Da die gering qualifizierten einen hohen Anteil an den Arbeitslosen stellen, gehören notwendigerweise verbesserte Chancen für die Betroffenen zu den Wegen Richtung Vollbeschäftigung. „Bildung ist eine der wesentlichen Determinanten der Arbeitslosigkeit..  ..Wesentlich ist es aber auch, Stellen für gering Qualifizierte zu schaffen….  ..Allerdings besteht bei der Beschäftigung von gering Qualifizierten häufig das Problem, dass deren Produktivität nur geringe Löhne erlaubt.“ Bildung als Grundlage persönlicher Verwirklichung und auch gesellschaftlichen Friedens ist noch bedeutender als Vollbeschäftigung. Letztere stellt sich auch als Folge von Bildung ein. (Für den Blog hier ist das aber unwichtiger, weil wohl jeder den Wert von Bildung sieht, bei Vollbeschäftigung dagegen jedoch nicht.)  Der Bildungserwerb ist aber beim bei uns reichlich vorhandenem Angebot nicht mit Druck zu erreichen, sondern abhängig vom erreichbaren Gehalt und Ansehen. Leidet also Schule zur Zeit unter Bildungsunwilligen, dann wegen deren aussichtsloser Situation.
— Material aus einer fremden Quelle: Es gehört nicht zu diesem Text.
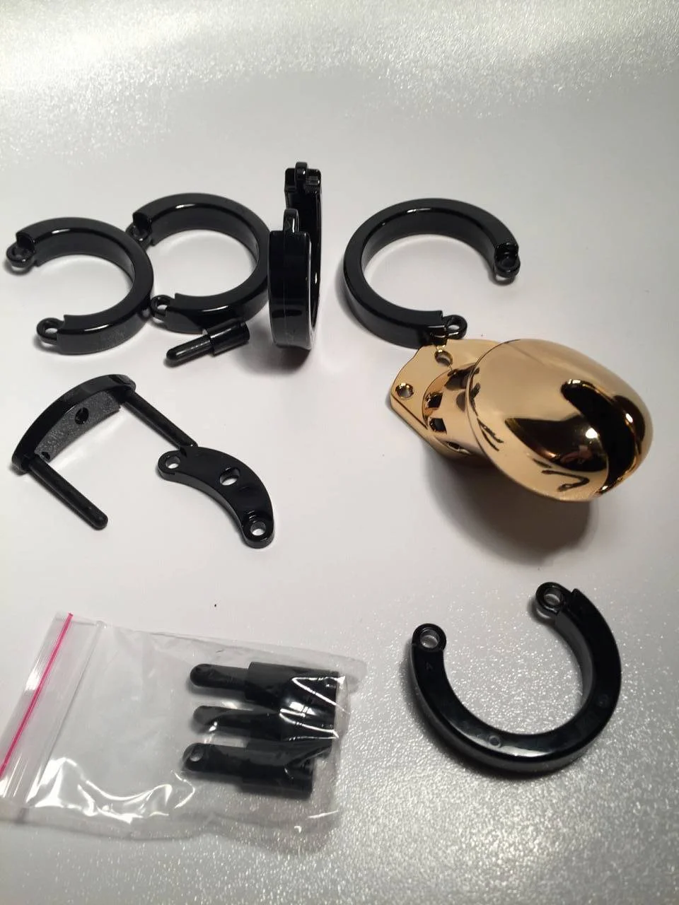 Il y a un petit cadenas en acier et 3 en plastique pour un usage unique (ils sont numérotés pour éviter que le soumis ne triche, tout est prévu !). Il est possible d’ajuster le diamètre de l’anneau qui passe sous les bourses (il y a quatre tailles) ainsi que la position de la gaine pour le sexe (plus ou moins proche de l’anneau).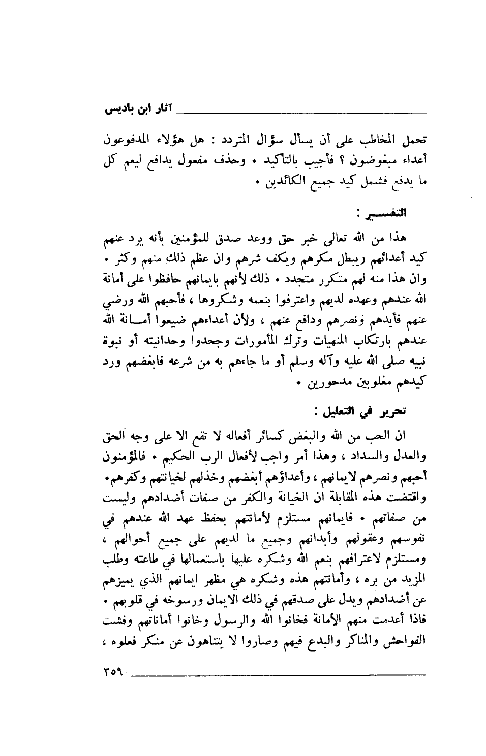 إن الحب من الله والبغض كسائر أفعاله لا تقع إلا على وجه الحق والعدل والسداد، وهذا أمر واجب لأفعال الرب الحكيم. فالمؤمنون أحبهم ونصرهم لإيمانهم، وأعداؤهم أبغضهم وخذلهم لخيانتهم وكفرهم. واقتضت هذه المقابلة أن الخيانة والكفر من صفات أضدادهم وليست من صفاتهم. فإيمانهم مستلزم لأمانتهم بحفظ عهد الله عندهم في نفوسهم وعقولهم وأبدانهم وجميع ما لديهم على جميع أحوالهم، ومستلزم لاعترافهم بنعم الله وشكره عليها باستعمالها في طاعته وطلب المزيد من بره، وأمانتهم هذه وشكره هي مظهر إيمانهم الذي يميزهم عن أضدادهم ويدل على صدقهم في ذلك الإيمان ورسوخه في قلوبهم. فإذا أعدمت منهم الأمانة فخانوا الله والرسول وخانوا أماناتهم وفشت الفواحش والمناكر والبدع فيهم وصاروا لا يتناهون عن منكر فعلوه،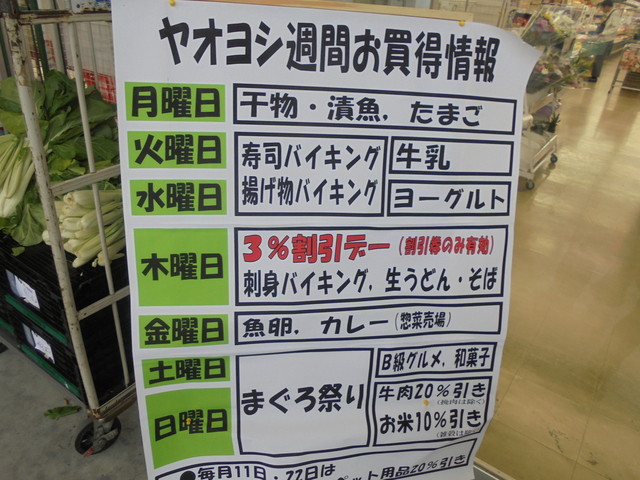 値引き商品の場所が青果の目の前になりました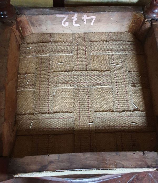 in noce, con schinali a cartella, gambe scanalate, imbottite e ricoperte in stoffa gialla, alt. cm 95, difetti
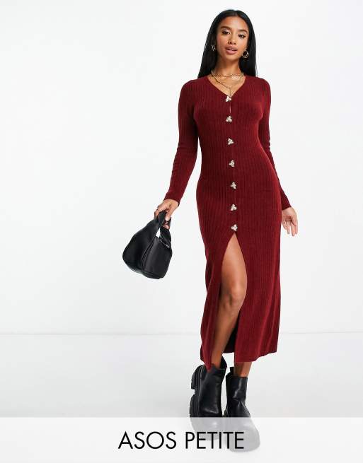 ASOS DESIGN Petite – Geripptes Maxi-Strickkleid in Dunkelrot mit durchgehender Knopfleiste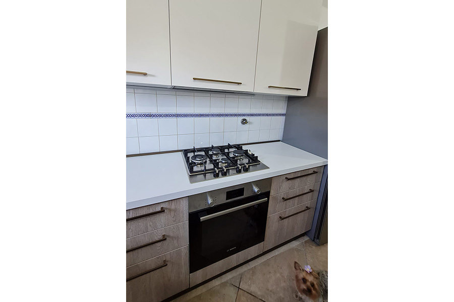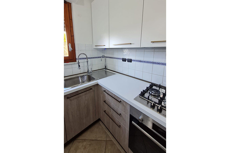 Il cliente infatti ci ha contattato per progettare una nuova cucina moderna, cercando di acquisire spazio rispetto a quella vecchia: abbiamo quindi eliminato la colonna del forno che prendeva troppo posto, ed anche un muretto che fungeva da divisorio.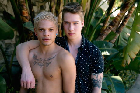 Cocky Boys: Le musclé Elliot Blue et le jeune américain Lukas Grande dans une action de baise anale interraciale torride en extérieur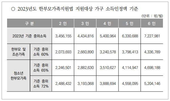 한부모가족 소득인정액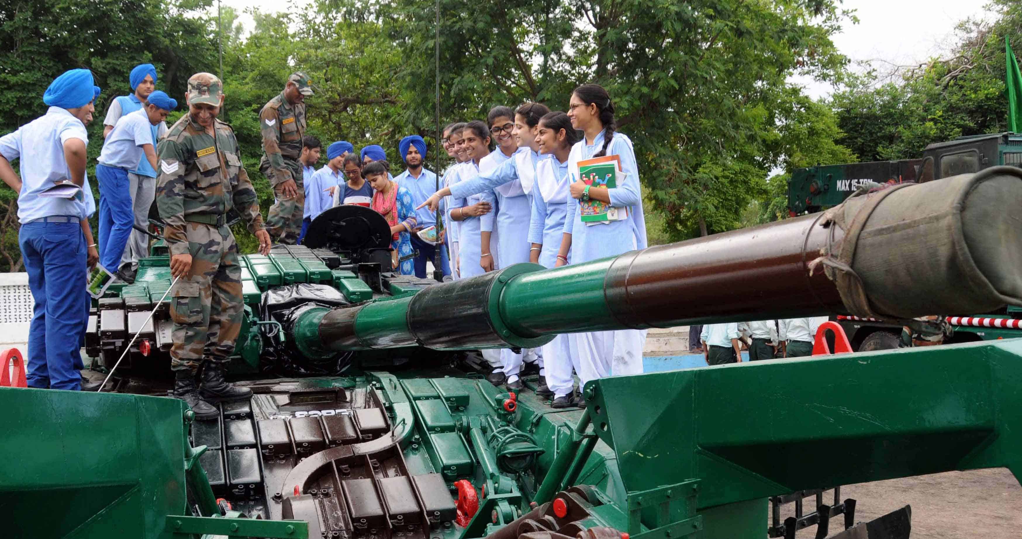 AMRITSAR, AUG 10 (UNI)- Students visiting at ‘Know Your Army’, an exhibition of military equipments in Amritsar on Wednesday. UNI PHOTO-106U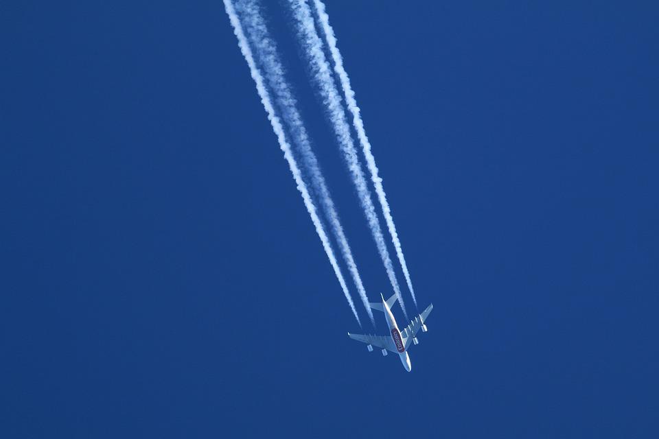 Kondenzacijski trag letenja nastao iz ispušnih plinova. Izvor www.pixabay.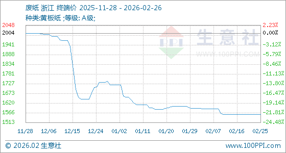 2月26日,生意社废纸基准价为1558.00元/吨,与本月初(1592.00元/吨)相比,下降了2.14%。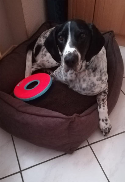 Seit ich hier eingezogen bin habe ich ganz schön viel erlebt: ich habe den Wald kennengelernt,festgestellt wie schnell ich rennen kann, ich kann schwimmen und war im Schnee, habe schulterhohe Löcher in den Garten gebuddelt und mir abends einen Platz auf dem Sofa erobert. Außerdem habe ich gelernt, was "spielen" ist. Anfangs habe ich schon etwas an meiner Familie gezweifelt. Immer haben sie mir so komische Sachen angeboten, essen konnte man die nicht. Irgendwann habe ich gemerkt wieviel Spaß es macht mit Herrchen und Frauchen oder den zweibeinigen Welpen zu toben.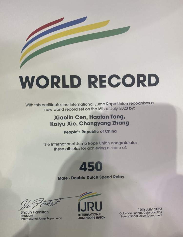 当地时间16日,在美国科罗拉多举办的2023年世界跳绳锦标赛系列赛上,由岑小林、唐颢凡、张崇杨、谢凯宇组成的中国跳绳国家队在男子组4×30秒交互绳接力比赛中夺得冠军,并以450次的成绩打破世界纪录。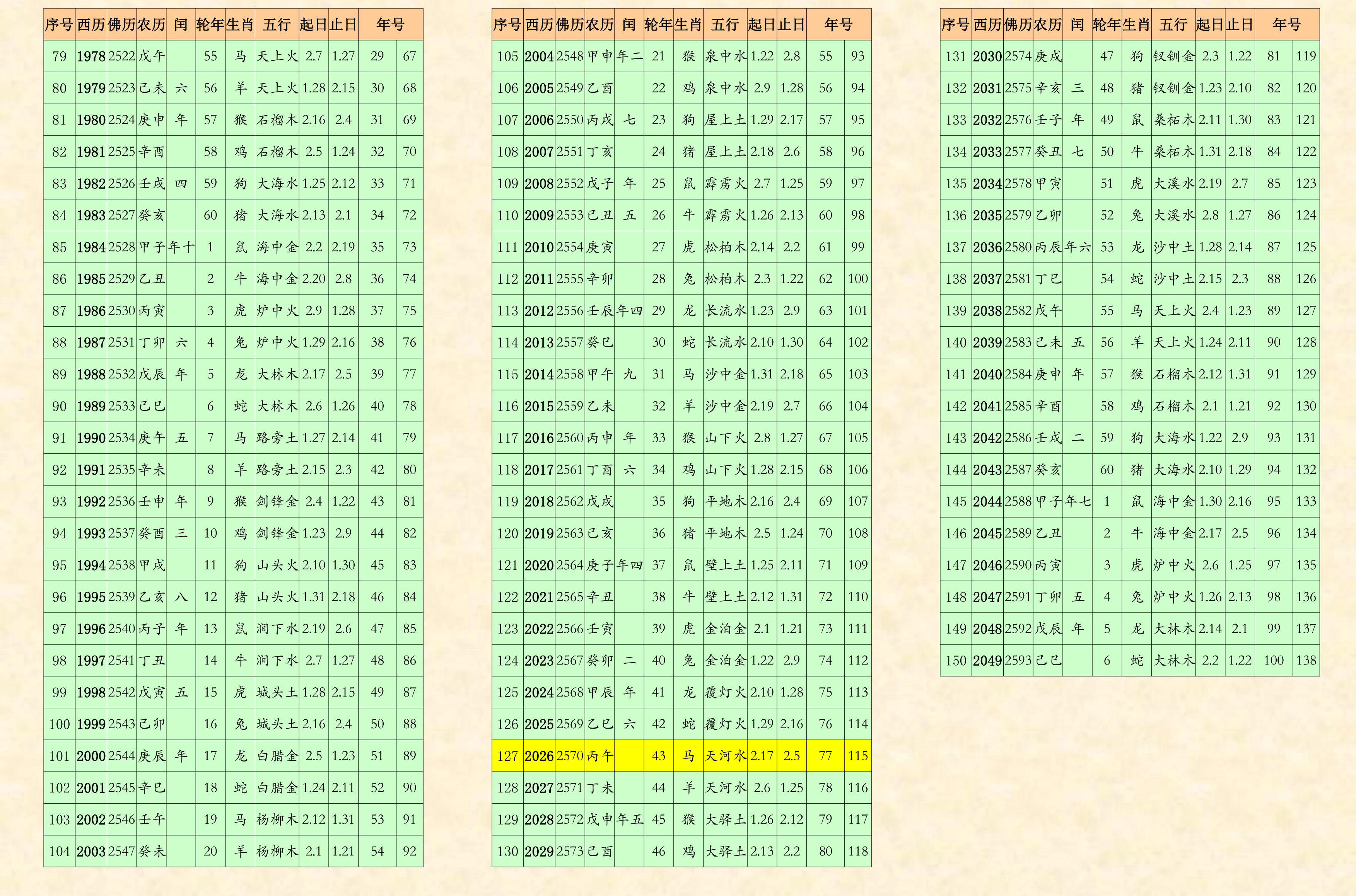 2026年農歷丙午年生肖年齡對照表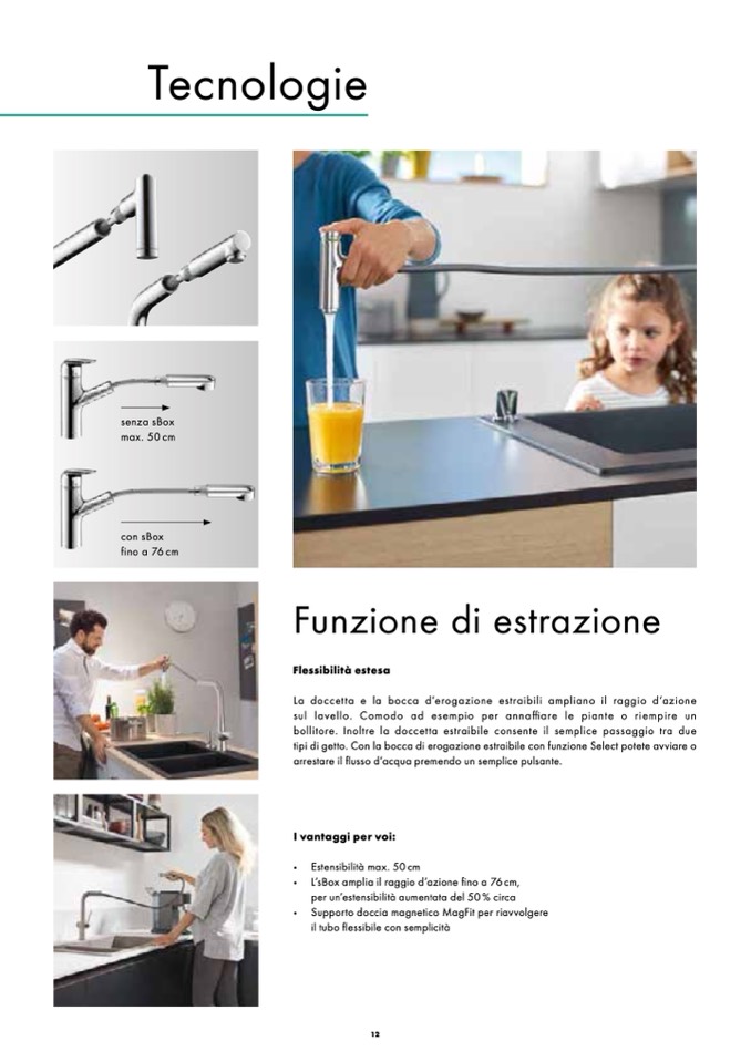 tipi di getto. Con la bocca di erogazione estraibile con funzione Select potete avviare o

Geringe Qualifikation ist im Grunde ein Ergebnis von Aussichtslosigkeit. (Gilt auch für mangelnde Integration.) Für die unbedingt in Aussicht zu stellenden Arbeitsplätze sind Lohn und Ansehen eminent wichtig. Ein Fehler ist, die Produktivität als Maßstab heranzuziehen. Die qualifizierte Stellung zeigt sich darin, was alles zusammenbricht, wenn sie wegfällt. Mindestlohn und staatlicher Zuschuss, zweiter und dritter Arbeitsmarkt qualifiziert jede Stellung ab. (Wird morgen fortgesetzt.)

Humankapital

13. 4.12 Seite 5 Wege zur Vollbeschäftigung, Abschnitt 3, Wege Richtung Vollbeschäftigung, aus dem Essay von Thomas Straubhaar

Wäre es nicht schön, Ältere, insbesondere die älteren Langzeitarbeitslosen bekämen Stellen angeboten? Leider gibt es Hindernisse:  Einer besteht darin, dass Ältere im Vergleich zu ihrer Produktivität höhere Löhne verlangen. Hier sind flexiblere Tarife die Lösung. Nanu, welcher Jobsucher, jung oder alt, ist heute in der Lage, guten Lohn zu verlangen? Ein weiterer sei, dass für ältere Arbeitnehmer betriebsspezifische Investitionen in „Humankapital“ weniger rentabel sind als für jüngere. Erstaunlich. Vorgestern berichtet die Berliner Zeitung, dass sich die Verwaltung abschafft. Wie das? Jahrelanger Personalabbau, Überalterung und fehlender Nachwuchs werden in den nächsten Jahren mit dem Weggang des Personals die Ämter leer zurück lassen. Hier müsste betriebsspezifisch in Nachwuchs investiert werden. Die Alten brauchen das nur, wenn Neues eingeführt wird.

Es fehlt doch nicht (leider) an einer Anpassung der Löhne für Ältere nach unten, es gibt inzwischen auch eine zunehmende Wertschätzung der Älteren in den Betrieben und an deren Festhalten länger als früher üblich. Was fehlt, sind angemessene, noch zu schaffende zusätzliche Arbeitsplätze im ersten Arbeitsmarkt.